Ну что за дурь – вот так ломиться, без надлежащего снаряжения, без…

Обернувшись снова – надо приказать этим дурням уходить, пока их не перестреляли, как сайгаков! – Абдаллах не обнаружил рядом с собой молодого джунгара. Тот стоял рядом с Вэй Юем и быстро трещал по-ханьски, тыча пальцем в сторону замка.

Ханец кивнул, махнул рабочим, те налегли плечами на канаты. С жутким стоном и ахом в небо взмыла мачта манджаника. Дерево напряженно, зло гудело, россыпь камней из пращи медленно разлеталась в желтой пыли осады.

– Просили залп по стене. – Элбег быстро подбежал и чихнул, завороженно глядя на замок.

С резкими хлопками пыли камни бились об стену – а несколько ударили по зубцам и снесли кирпичи вместе с защитниками.

– Еще залп! Шуганите их снова! – рявкнул Элбег, потирая руки.

– Кто просил? – До аль-Мамуна стало доходить, что происходит. – Кто просил, я сказал?

Джунгар воровато прищурил и без того узкие глазки:

– А никто ничего не знает, о мой халиф. Сейид говорит мысленной речью только со мной, вы же ж сами мне приказали не выпускать его из виду…

– Где он?! – прорычал аль-Мамун.

– Так простым ратником пошел в десятке моего двоюродного брата, о мой халиф!..

Над головой снова со скрипом охнуло и загудело. Машина выдала еще один каменный залп – поприцельнее. Со стены, вопя и дрыгая руками и ногами, падали люди.

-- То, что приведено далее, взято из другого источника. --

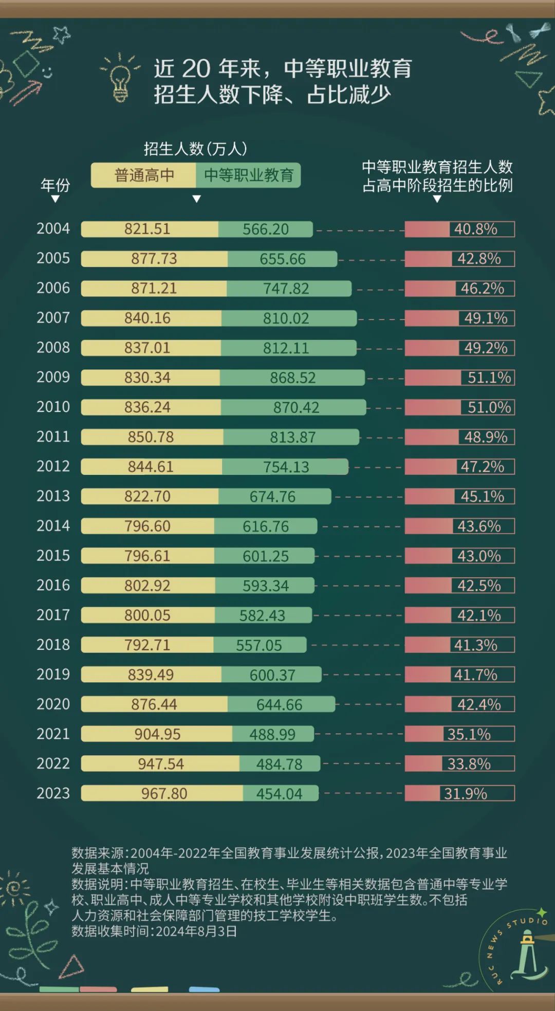 而从近20年的数据来看,中职学生的占比不断下滑,从巅峰时期2009年的51.1%,逐渐下降到2023年的31.9%。在这31.9%的中职学生中,还包含许多被动的选择:在“五五分流”指标下普高录取率的限制,以及来自学校层面的游说,都让一批学生被动地进入了中职。

Шакалий визг и подвывание джунгарских всадников заглушило все звуки мира. Глумливо вереща, они подкатились под самые стены. Вверх полетели осадные крючья на длинных канатах, по разоренной, исходящей пыльными дымками стене беспорядочно метались окровавленные защитники. На веревках тут же гроздьями повисали джунгары – бросая коней, они карабкались вверх на стены.

– Где он?! – в бессильной ярости выдохнул аль-Мамун.

– Братца вижу – вон на стену карабкается, а где Сейид – я не знаю, Всевышний знает лучше! – радостно оттарабанил Элбег.

И тут же заорал:

– Строимся!

И отмахнул знаменосцам с барабанщиками.

Мерный грохот и белое треххвостое знамя-лива собирали, собирали орущих всадников в брякающих панцирях. Люди поправляли тяжелые чешуйчатые оплечья, щитовые ремни, вскидывали в руках длинные копья.

– Прошу позволения возглавить атаку! – Элбег почтительно – на ханьский манер – сжал в кулак руки перед глудью.

– Да поможет тебе Всевышний! – сказал аль-Мамун.

Вопли и рев у ворот сказали ему все: ворота открыли изнутри.

С разрывающим барабанные перепонки свистом и визгом джунгарская конница погрохотала к беспомощно раскрытым воротам.

Карматскому гарнизону аль-Бара оставалось жить считанные часы.

* * *

Чихая и утираясь белым шарфом, катиб свирепо пулял костяные бусины абаки:

– Дважды по две дюжины хукк ячменя! Сорок восемь! Пиши, пиши быстрее, о враг веры! – это он орал на старательно высунувшего язык мальчишку-помощника.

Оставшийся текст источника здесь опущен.